AbbVie’s mission is to discover and deliver innovative medicines that solve serious health issues today and address the medical challenges of tomorrow. We strive to have a remarkable impact on people’s lives across several key therapeutic areas: immunology, oncology, neuroscience, eye care, virology, women’s health and gastroenterology, in addition to products and services across its Allergan Aesthetics portfolio. For more information about AbbVie, please visit us at Follow @abbvie on Twitter, Facebook, Instagram, YouTube and LinkedIn.

Principal Quality Engineer

Irvine, California Req ID 2201869 Category Quality Assurance Division AbbVie

We are open to the Principal Quality Engineer working remote or hybrid approach, however based out of Southern California.

Job Description

The Principal QE is part of AbbVie’s Third-Party Device Quality group, based in Irvine, CA, and reports to the Director, Medical Device Quality (or equivalent). 

The role oversees product quality assurance (PQA) for commercial medical devices which are manufactured by third parties.  As such, the Principal QE works closely with AbbVie’s Contract Manufacturing Organizations (CMOs), relevant third-party suppliers (e.g., custom components), and internal stakeholders to ensure compliance with defined specifications and regulatory requirements. 

The position supports Quality Management System activities, including – but not limited to – routine product release, CAPAs/NCRs, Change Control, Complaints, Product Release, Supplier Quality Agreements, etc. 

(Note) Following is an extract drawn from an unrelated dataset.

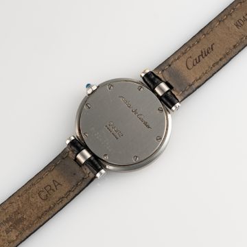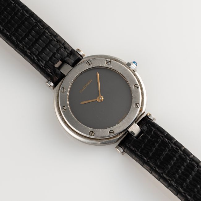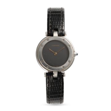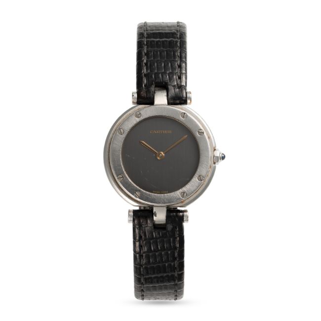 A LADY'S STAINLESS STEEL CARTIER SANTOS VENDOME WRIST WATCHCIRCA 1980s, REF. 8192 WITH GREY "GHOST" DIAL Movement: Quartz, signed Cartier. Case: Diameter approx. 27mm, signed Cartier, numbered, sapphire crown. Strap: Cartier strap & pin buckle. CONDITION REPORTDial: Original dial in excellent condition.Movement: Running & functioning at present, timekeeping and accuracy cannot be guaranteed.Case: In very good condition, with some light scratches and wear due to general use.Strap/Bracelet: In good condition, showing some wear.

 The Principal QE provides strong technical leadership in the TPQ Quality function amongst peers, ensuring that functional activities are compliant and aligned with overall company goals and strategies.

Duties & Responsibilities

  • Work with CMOs and/or third-party suppliers to assure timely and compliant release of commercial product and/or components in accordance with defined specifications and processes
  • Work with CMOs and/or third-party suppliers to ensure that non-conformances, CAPAs, Reworks, and deviations are accurately documented, reviewed, and approved
  • Work with CMOs and/or third-party suppliers to resolve compliance issues related to commercial product and/or custom components
  • Review and approve changes to supplier processes which impact device and/or component manufacture
  • Review and approve technical protocols, reports, and specifications, as appropriate
  • Support the development of and updates to third party device Risk Management Files
  • Champion development and maintenance of KPIs and trend analysis at supplier site, as applicable
  • Escalate issues to Quality leadership, as appropriate
  • Support Device Analysis Lab activities, including evaluation of returned devices and DHR review, as appropriate
  • Support Quality Systems group during Regulatory inspections (i.e., serve as product SME)
  • Support Supplier Audit function during CMO site audits
  • Develop and maintain effective cross-functional relationships

Minimum Qualifications

  • Degree in engineering, physical, or life sciences with direct experience working in a regulated environment:
    • Bachelor's Degree:    10 years’ experience
    • Master’s Degree:       7 years’ experience
    • Doctoral Degree:       3 years’ experience
  • Experience working with medical device suppliers
  • Working knowledge of medical device regulations (e.g., 21 CFR 820, ISO 13485, EU MDR 2017/745, etc.)
  • Working knowledge of Statistical Process Controls (SPCs)
  • Working knowledge of Acceptance Sampling (AQL, RQL) and related tools (e.g., ANSI/ASQ Z1.4, Z1.9, etc.)
  • Basic understanding of Design-of-Experiments (DOE)
  • Experience in cGMPs
  • Experience reviewing and approving production drawings, batch history records/DHRs, and other documentation
  • Experience working with equipment qualifications or process validations
  • The ability to recognize problems and take corrective measures
  • Strong attention to detail
  • Organized, with strong multitasking abilities
  • Ability to work collaboratively and independently
  • Fluent in verbal and written English

Preferred Qualifications

  • ASQ Certification (CQA, CQE, CRE) or international equivalent
  • Six-sigma certification
  • Working knowledge of design control requirements (21 CFR 820.30)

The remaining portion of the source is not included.